Bagaimana Mengobati Batuk Rejan?


Penderita batuk rejan hendaknya tidak sembarangan mengonsumsi obat batuk rejan yang dijual bebas di pasaran. Mengapa? Sebab, obat yang dijual di pasaran belum tentu bisa meredakan gejala batuk rejan dengan baik. Oleh karenanya, penting bagi penderita batuk rejan berkonsultasi dan berobat secara langsung pada dokter.

 
Penting diketahui, ada perbedaan penanganan terhadap pasien bayi dan anak-anak dengan pasien usia remaja dan dewasa. Bayi dan anak yang mengalami batuk rejan biasanya akan di tempatkan di ruang isolasi untuk menghindari penyebaran infeksi. Sementara, pada pengidap remaja dan dewasa, batuk rejan biasanya dapat ditangani di rumah dengan mengonsumsi antibiotik yang diberikan dokter.
 
Pengobatan utama yang diberikan pada penderita batuk rejan (bayi dan anak-anak) ialah antibiotik untuk melawan bakteri penyebab infeksi. Pemberian obat akan dilakukan dokter untuk mengatasi peradangan pada saluran napas. Obat tersebut dapat diberikan melalui infus atau langsung. Sungkup oksigen juga dapat diberikan untuk membantu pernapasan.
 
Bayi dan anak-anak dengan batuk rejan yang cukup parah biasanya berisiko mengalami kerusakan paru-paru. Oleh karena itu, penanganan klinis di rumah sakit akan berkonsentrasi pada pemakaian alat bantu pernapasan (ventilasi) dan pemberian obat-obatan untuk mengendalikan tekanan darah mereka dengan obat-obatan.

Sementara itu, beberapa langkah perawatan yang bisa dilakukan secara mandiri di rumah untuk membantu memaksimalkan pengobatan batuk rejan adalah:
  • Mencukupi kebutuhan cairan tubuh untuk mencegah dehidrasi.
  • Istirahat yang cukup.
  • Menyesuaikan porsi makan, seperti makan dengan porsi lebih kecil namun sering.
  • Cuci tangan secara rutin.
  • Menutup mulut dan hidung atau menggunakan masker saat batuk atau bersin.
  • Menggunakan humidifier agar kebersihan udara tetap terjaga.


Bagaimana Mencegah Batuk Rejan?


Penting Anda ketahui, cara terbaik untuk mencegah batuk rejan ialah dengan mendapatkan vaksinasi pertusis. Biasanya, vaksin ini diberikan bersamaan dengan vaksin difteri, tetanus, polio (vaksin DPT) dan Hib. 

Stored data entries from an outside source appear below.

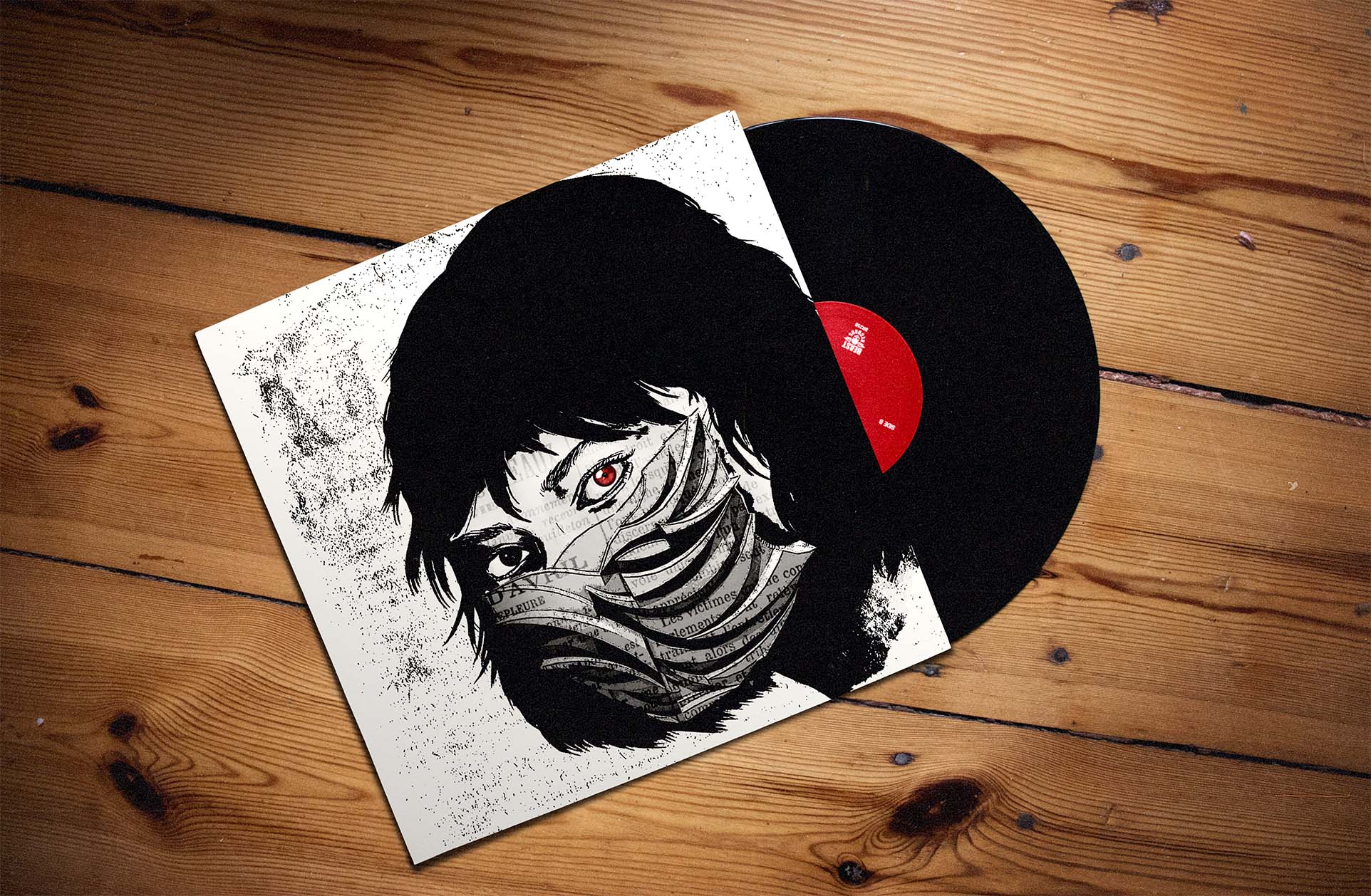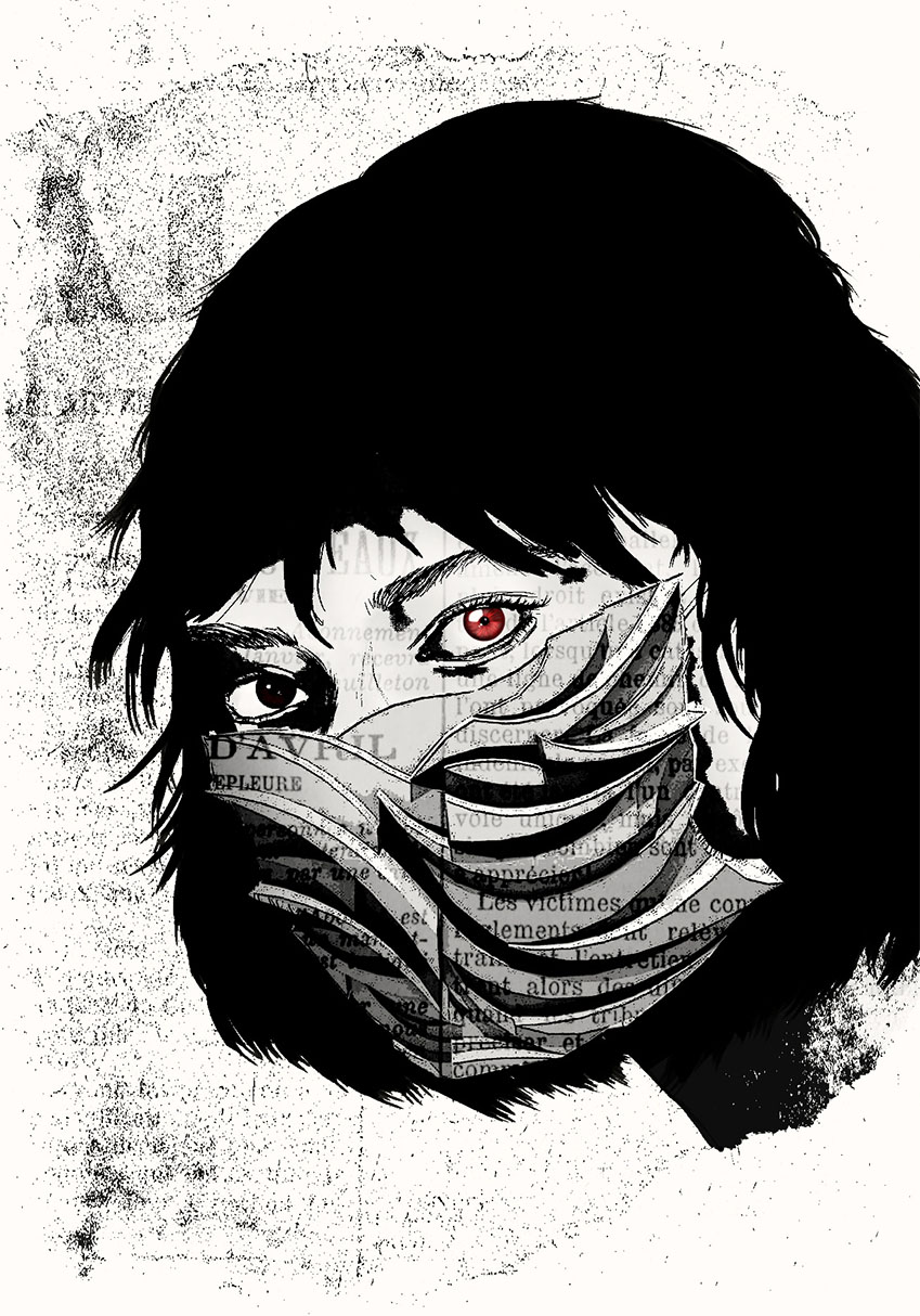 is a combination of a watercolor paint with a 3D model of a medical mask. The texture covering the whole artwork is an excerpt from a newspaper, highlighting the climate of fear and anxiety that prevailed during the COVID period. Created to be printed out, the artwork has been converted into a vinyl mock-up.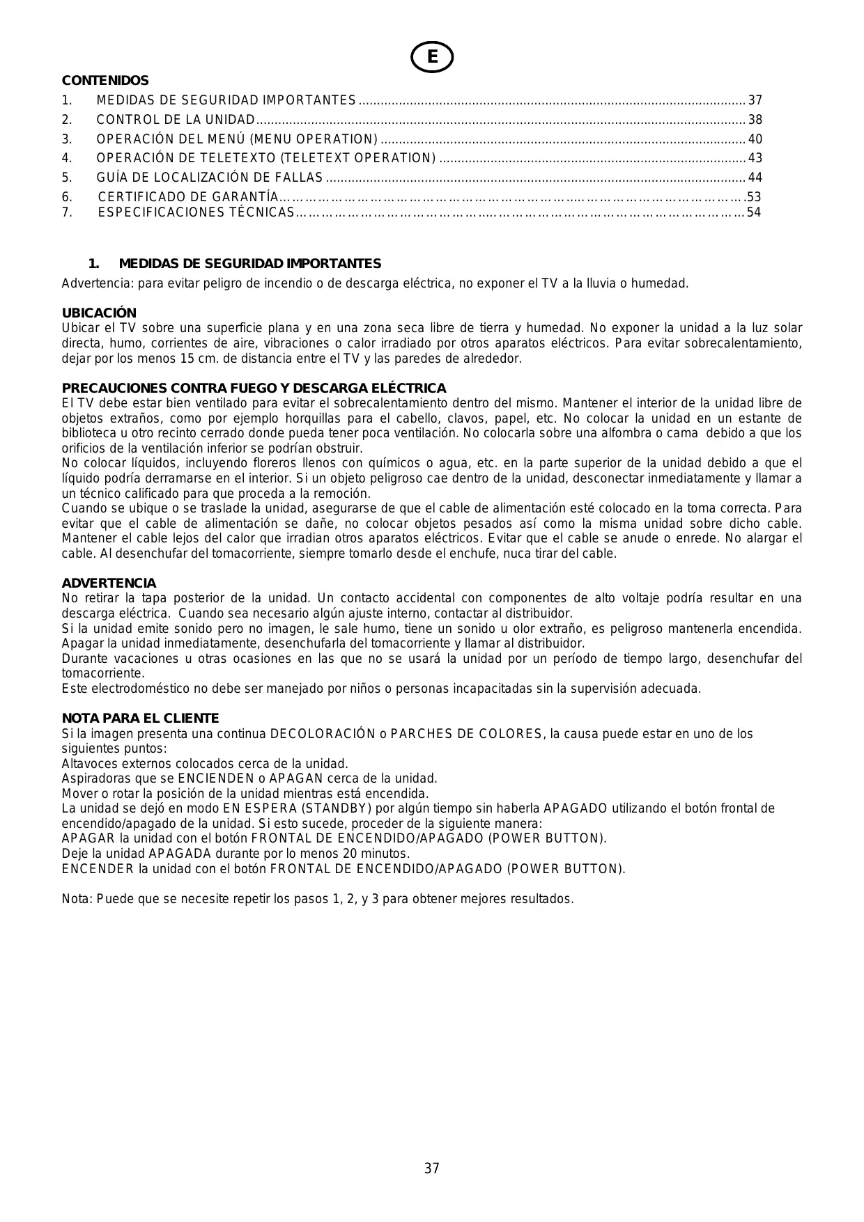 Advertencia: para evitar peligro de incendio o de descarga eléctrica, no exponer el TV a la lluvia o humedad. UBICACIÓN Ubicar el TV sobre una superficie plana y en una zona seca libre de tierra y humedad. No exponer la unidad a la luz solar directa, humo, corrientes de aire, vibraciones o calor irradiado por otros aparatos eléctricos. Para evitar sobrecalentamiento, dejar por los menos 15 cm. de distancia entre el TV y las paredes de alrededor. PRECAUCIONES CONTRA FUEGO Y DESCARGA ELÉCTRICA El TV debe estar bien ventilado para evitar el sobrecalentamiento dentro del mismo. Mantener el interior de la unidad libre de objetos extraños, como por ejemplo horquillas para el cabello, clavos, papel, etc. No colocar la unidad en un estante de biblioteca u otro recinto cerrado donde pueda tener poca ventilación. No colocarla sobre una alfombra o cama debido a que los orificios de la ventilación inferior se podrían obstruir. No colocar líquidos, incluyendo floreros llenos con químicos o agua, etc. en la parte superior de la unidad debido a que el líquido podría derramarse en el interior. Si un objeto peligroso cae dentro de la unidad, desconectar inmediatamente y llamar a un técnico calificado para que proceda a la remoción. Cuando se ubique o se traslade la unidad, asegurarse de que el cable de alimentación esté colocado en la toma correcta. Para evitar que el cable de alimentación se dañe, no colocar objetos pesados así como la misma unidad sobre dicho cable. Mantener el cable lejos del calor que irradian otros aparatos eléctricos. Evitar que el cable se anude o enrede. No alargar el cable. Al desenchufar del tomacorriente, siempre tomarlo desde el enchufe, nuca tirar del cable. ADVERTENCIA No retirar la tapa posterior de la unidad. Un contacto accidental con componentes de alto voltaje podría resultar en una descarga eléctrica. Cuando sea necesario algún ajuste interno, contactar al distribuidor. Si la unidad emite sonido pero no imagen, le sale humo, tiene un sonido u olor extraño, es peligroso mantenerla encendida. Apagar la unidad inmediatamente, desenchufarla del tomacorriente y llamar al distribuidor. Durante vacaciones u otras ocasiones en las que no se usará la unidad por un período de tiempo largo, desenchufar del tomacorriente. Este electrodoméstico no debe ser manejado por niños o personas incapacitadas sin la supervisión adecuada.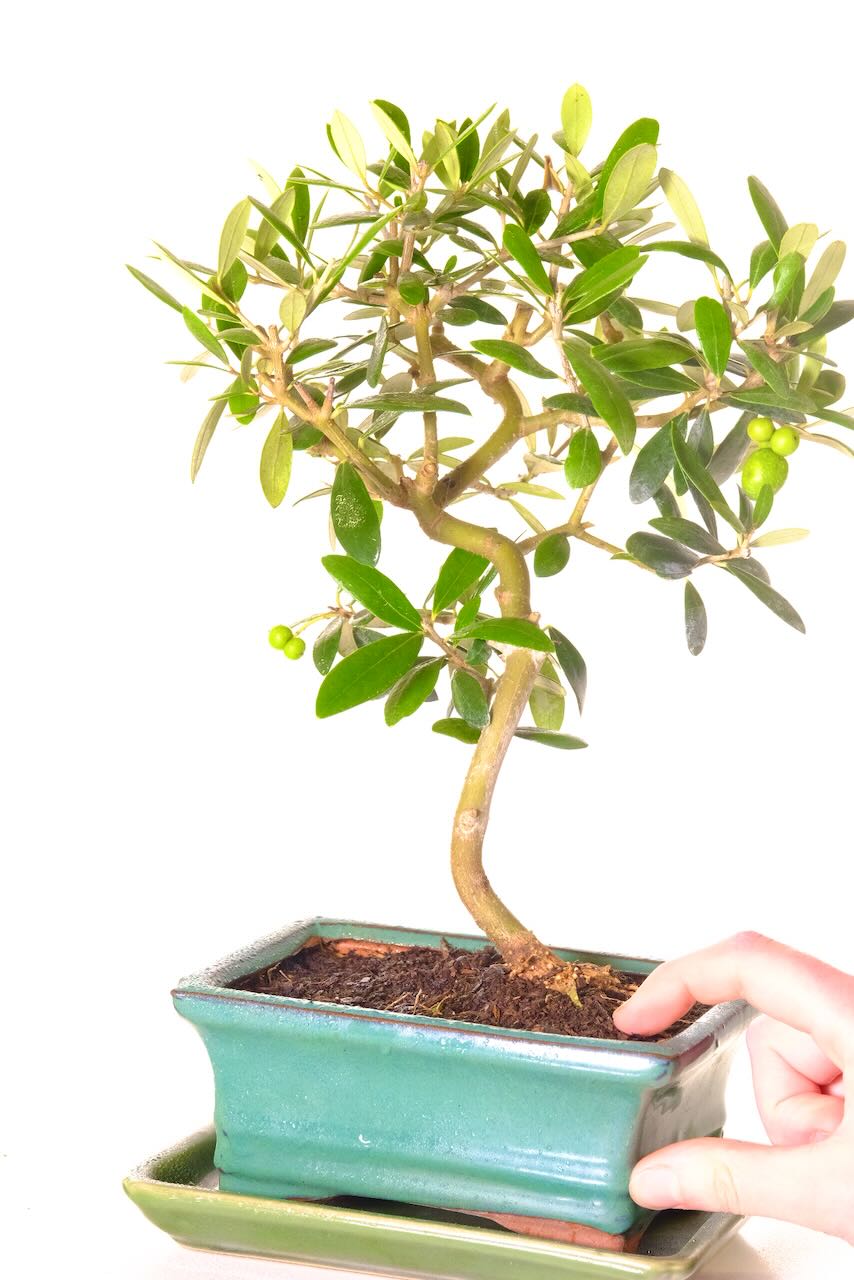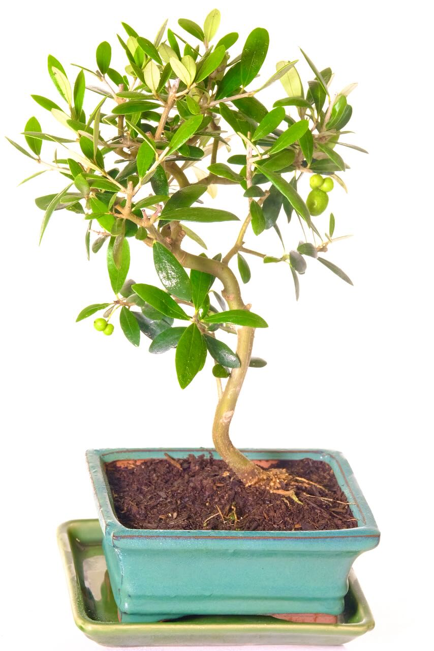 Olive Tree Bonsai (Olea Europaea) in Green Ceramic Pot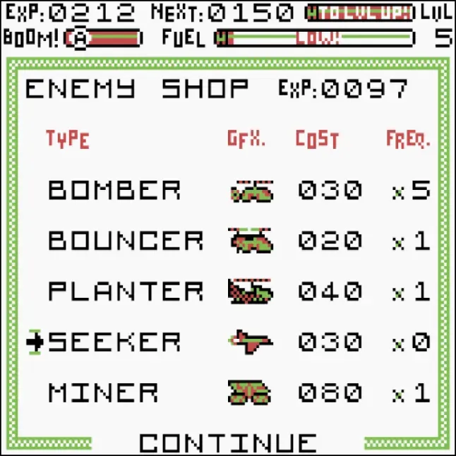 IndestructoTank! ist ein Spiel im Arcade-Stil, das das klassische Flash-Spiel auf deinen Game Boy bringt. Du springst zerstörerisch über Hubschrauber, Flugzeuge und mehr und versuchst, hohe Combos zu erzielen und Punkte zu sammeln, die du für Upgrades ausgeben kannst. Steig in den IndestructoTank! und mach dich bereit für einen Ritt!

Ibu hamil ternyata perlu juga mendapatkan vaksinasi pertusis. Mendapatkan vaksinasi pertusis saat hamil niscaya membantu melindungi bayi terserang batuk rejan pada minggu-minggu awal usai kelahiran. Vaksinasi pertusis akan ditawarkan pada semua wanita hamil saat usia kehamilan mereka antara 28-38 minggu.

 
Selain pada ibu hamil dan bayi, vaksinasi pertusis tambahan (booster) harusnya diberikan karena fungsi perlindungannya cenderung melemah. Vaksinasi tambahan ini bisa diberikan ketika kekebalan vaksin pertusis melemah, mulai saat seseorang berusia 11 tahun. Maka, usia tersebut menjadi waktu yang tepat untuk mendapatkan booster vaksinasi pertusis.


Beberapa jenis vaksin tetanus dan difteri yang diberikan secara berkala setiap 10 tahun sekali juga memiliki fungsi untuk melindungi dari batuk rejan. Vaksin jenis ini juga mengurangi risiko untuk menularkan batuk rejan kepada bayi.